SUPPLIED INFORMATION »
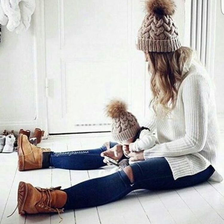 2Pcs Women Mother Baby Child Warm Winter Knit Beanie Fur Pom Hat Crochet Ski Cap
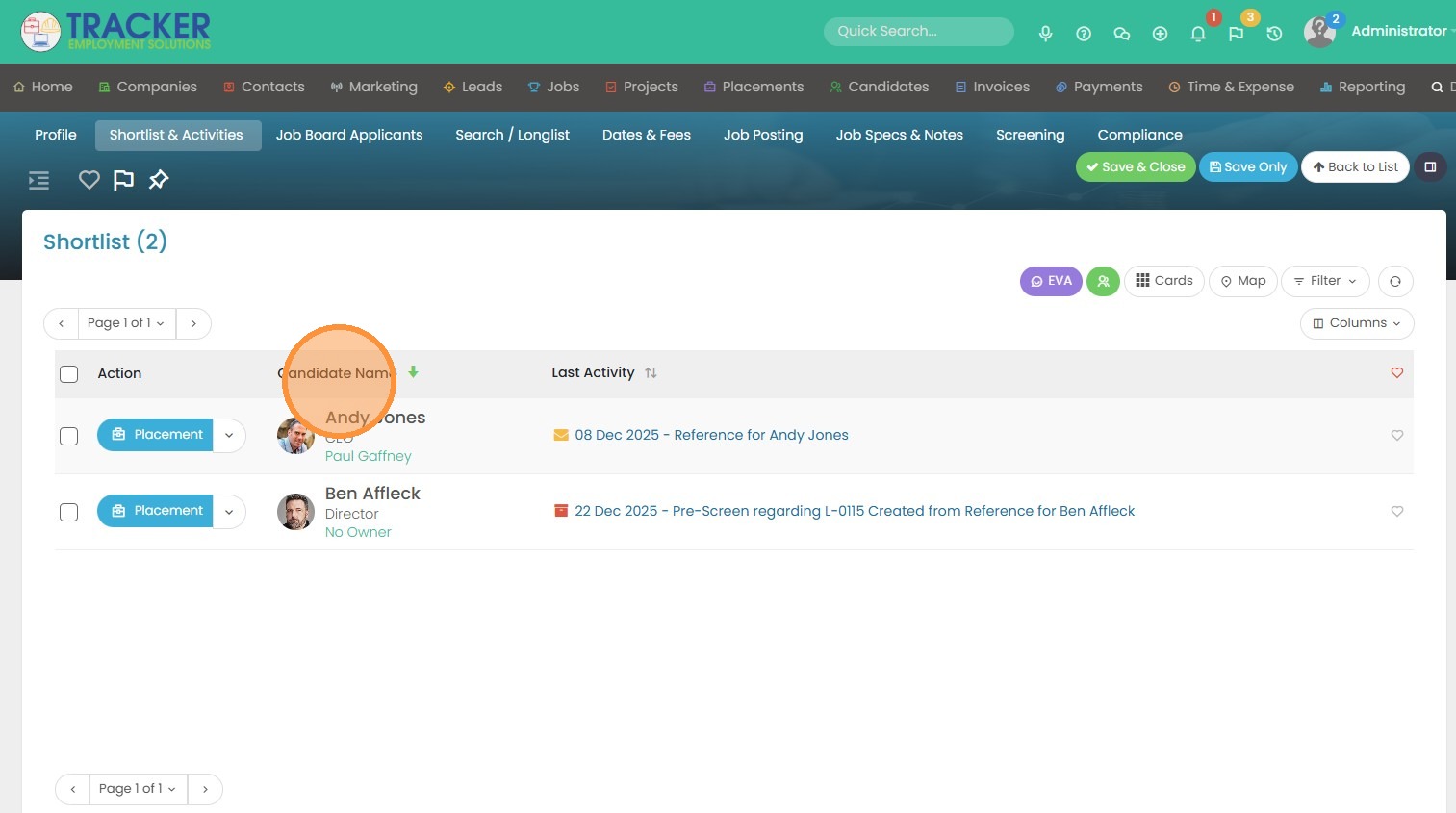 7. If you're looking to perform a bulk action / activity with these two candidates, click their profile picture. For example, click here on Andy's.
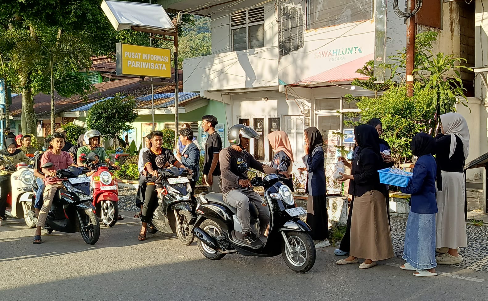Ketua OSIS SMAN 1 Sawahlunto, Sondang Pahmadika Simamora, menyatakan takjil yang dibagikan ini dari donasi anggota OSIS, pembina atau guru dan orangtua.
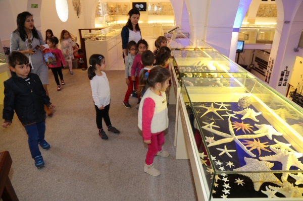 Deniz Müzesi’nin ikinci katında bulunan "Hasan Güleşçi Deniz Kabukları Koleksiyonu”nu da gezen miniklerin, birbirinden farklı deniz kabuklarını bir arada görmeleri heyecanlarını daha da artırdı.
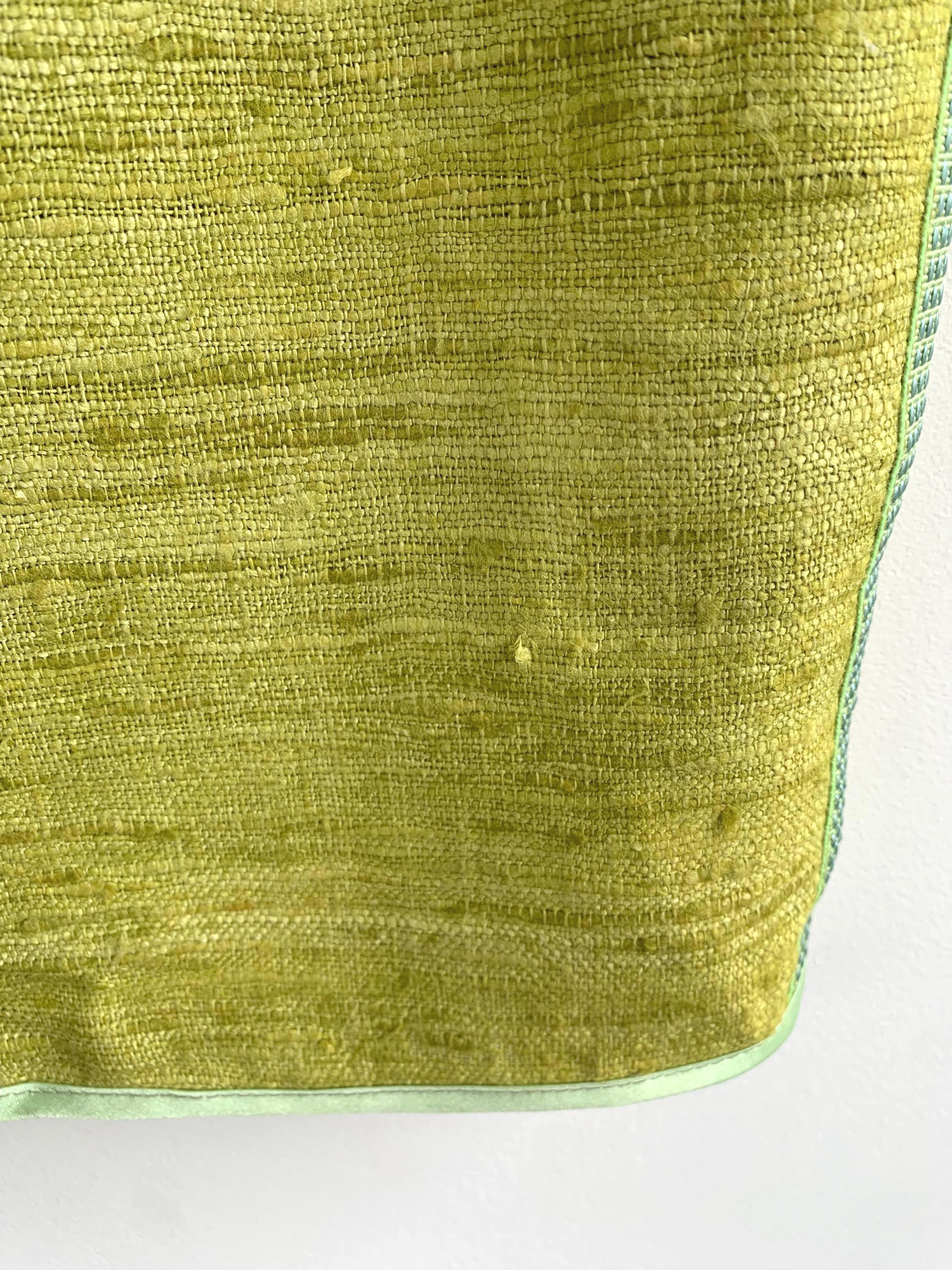 Condition: Excellent vintage condition. The fabric is vibrant, and all unique details are intact. The raw silk has natural texture, which comes with the fabric.
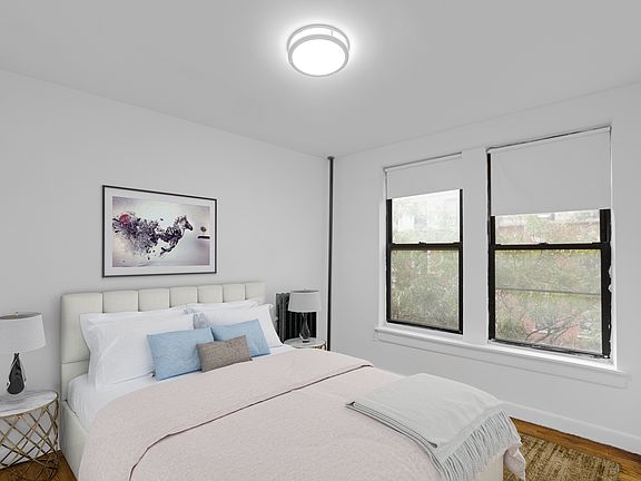 This expansive corner unit home features sprawling hardwood floors, open windowed kitchen, large windows, and overhead lighting throughout. The windowed kitchen features ample cabinetry with additional overhead shelving, and space for a small dining table. The open layout makes entertaining from kitchen to living room easy, and all bedroom are spacious + include their own generous closets.
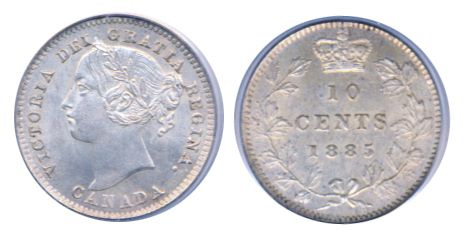 1885. Obverse port. #4. PCGS graded Mint State-64. A lustrous example with very light golden toning. Good ‘eye appeal’. A rare high grade, near Gem example.
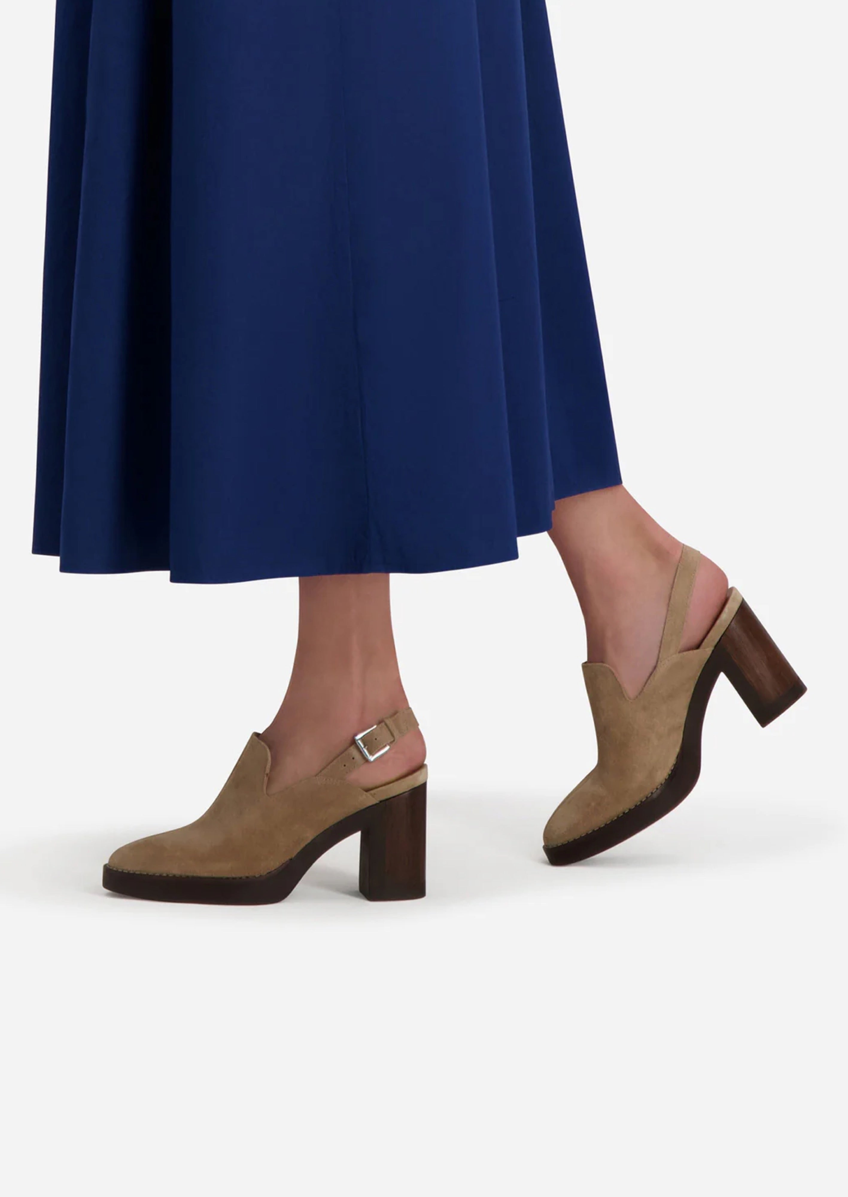 Elevating classic casual. This slingback loafer heel features a polished upper with a sharp, tailored silhouette and a sturdy block heel for all-day wear.

WHAT THE EXERCISE ASKS » Your answer must be exactly the lines from the one with "Ketua OSIS SMAN" through the final line of the data, with no pictures in it.

ANSWER TO THIS EXERCISE »
Ketua OSIS SMAN 1 Sawahlunto, Sondang Pahmadika Simamora, menyatakan takjil yang dibagikan ini dari donasi anggota OSIS, pembina atau guru dan orangtua.
 Deniz Müzesi’nin ikinci katında bulunan "Hasan Güleşçi Deniz Kabukları Koleksiyonu”nu da gezen miniklerin, birbirinden farklı deniz kabuklarını bir arada görmeleri heyecanlarını daha da artırdı.
 Condition: Excellent vintage condition. The fabric is vibrant, and all unique details are intact. The raw silk has natural texture, which comes with the fabric.
 This expansive corner unit home features sprawling hardwood floors, open windowed kitchen, large windows, and overhead lighting throughout. The windowed kitchen features ample cabinetry with additional overhead shelving, and space for a small dining table. The open layout makes entertaining from kitchen to living room easy, and all bedroom are spacious + include their own generous closets.
 1885. Obverse port. #4. PCGS graded Mint State-64. A lustrous example with very light golden toning. Good ‘eye appeal’. A rare high grade, near Gem example.
 Elevating classic casual. This slingback loafer heel features a polished upper with a sharp, tailored silhouette and a sturdy block heel for all-day wear.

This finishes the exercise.